Phil Pluskota is an American producer who has worked with bands such as Abiotic, King Conquer, Human Error and many more. He works out of his Sonic Assault Studios in Cape Coral, FL.
We spoke about new favourite pedals, how too perfect metal albums are sucking the soul out of the whole genre, why trial and error is the way to go, how to stay healthy and much more.
1. What was the thing that got you into Music Production?
I just always loved recording when I was in bands. It was always the most creative and rewarding parts of being in a band. Just going into the studio with these songs you worked your ass off on. And building it from the ground up into a final product. So I figured what the hell? I gave it a shot recording other bands and it hooked me. I can’t see myself doing anything else at this point.
2. What’s your stance on the digital vs analog battle?
Honestly? It’s all tools. Use what you think sounds best and what fits your workflow the best.
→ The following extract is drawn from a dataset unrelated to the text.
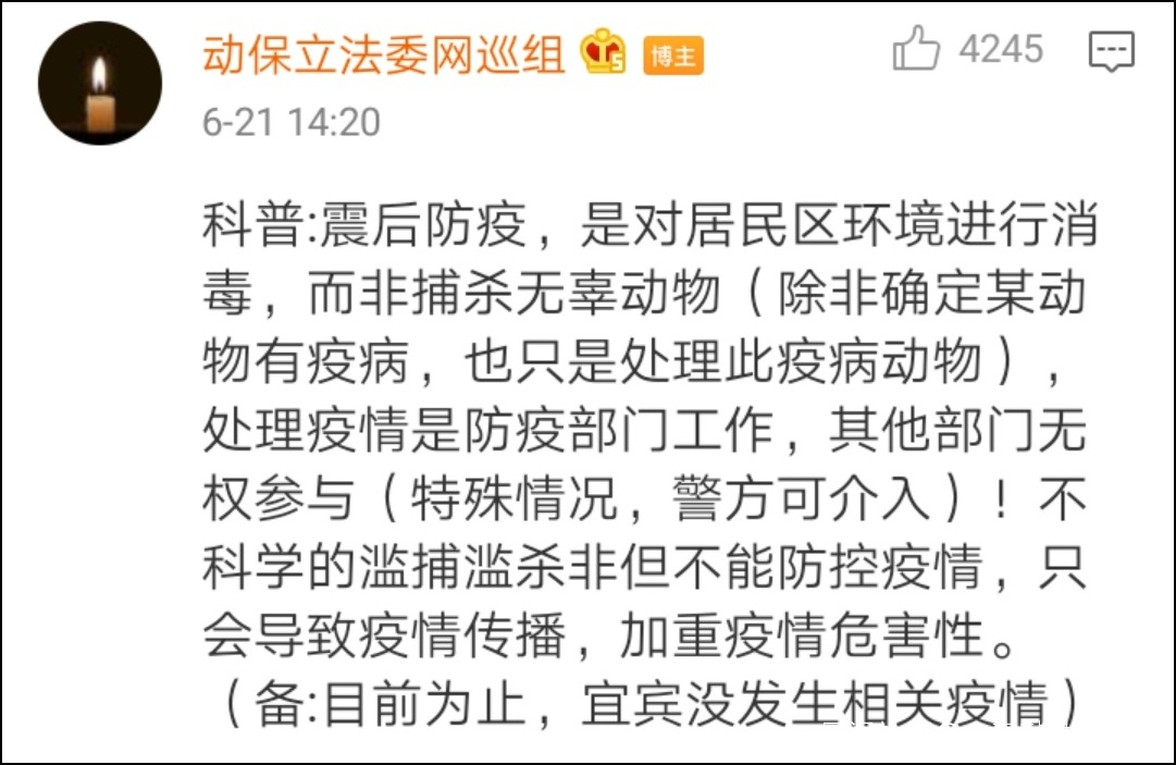 隨着宜賓地震逐漸過去,政府部門針對災區的工作重點也由救援轉向災後重建。不過,在此之前還有一項必不可少的工作要展開,那就是災後防疫。不過,日前卻有多個動保博主在社交媒體上對於宜賓市城管部門撲殺流浪狗的行為表達不滿,由此引發關注和討論。

3. Do you think one day software, emulation-hardware etc will surpass the real thing?
It is getting crazy how close it is getting in terms of ITB processing vs it’s hardware counterparts. But some analog units just have this vibe and sound you just can’t replicate digitally. But it’s exciting knowing now you can do fully ITB records and not have to worry about the quality suffering.
4. How do you see the current Music Production scene? The pros the cons, what we might be missing/what we could improve?
The thing that is really bumming me out in most current production. Especially the metal side of production. Is the over editing and soul sucking of the genre as a whole. Everyone is so focused on everything being “perfect” that most records don’t have that human element to it anymore. Like imagine Iowa from Slipknot grid edited? That record wouldn’t have the feel, aggression and pure brutality that everyone loves it for. I have been seeing a few guys going for vibe over perfection. Which is super refreshing.
5. What’s the latest piece of gear (hardware/software) that made you go bananas?
Probably the new Horizon Devices Precision Drive. It’s slowly becoming one of my favourite overdrive pedals for boosting my amps. On top of the fact, the built in noise gate is really really good. Which I was really impressed by.
6. Let’s say we could get the brightest of the brightest and smartest of the smartest to come up with a piece of gear (software/hardware) and it could eliminate one annoying thing, what would it be (could be audio or anything, physically impossible or possible)?
A plugin that would get an entire song of drums edited in seconds haha.
7. If you could give one piece of advice to a young starting home-studio producer, what would it be?
Be yourself and don’t be afraid of making mistakes and taking risks with your productions. Trial and error is the best way to learn and get better at your craft.
8. If you could go back in time to remix/master/record one album, what would it be? (Can be your own production or someone elses production)
Oh man…….This is such a tough question. Because I have gone back and remixed records I have worked on before to see what would happen. And even thou technically it sounded better. The original vibe and mindset I had during those records weren’t the same. But one record I would love to have been in studio during would be the self-titled Slipknot record. The raw and chaotic sound of that record is just amazing. I would have loved to see the process and work that went into the tracking of that record.
9. How do you stay healthy during recording process? Exercises? Diets? Things to avoid? Things to remember?
I try to not eat late at night. I used to eat junk in the middle of the night when staying up too late mixing. This is by far the easiest way to pack on that producer’s gut haha. Lately, I have been doing a low carb diet with light lifting and cardio. That has been keeping me feel mentally together and energetic.
10. What’s the 1 item that a new producers shouldn’t be cheap with?
The go-to answer for this would definitely be room treatment. But one of the things I would say to not cheap out on from the start is your monitoring. You are doing all of your critical listening’s and tweaking on your monitors.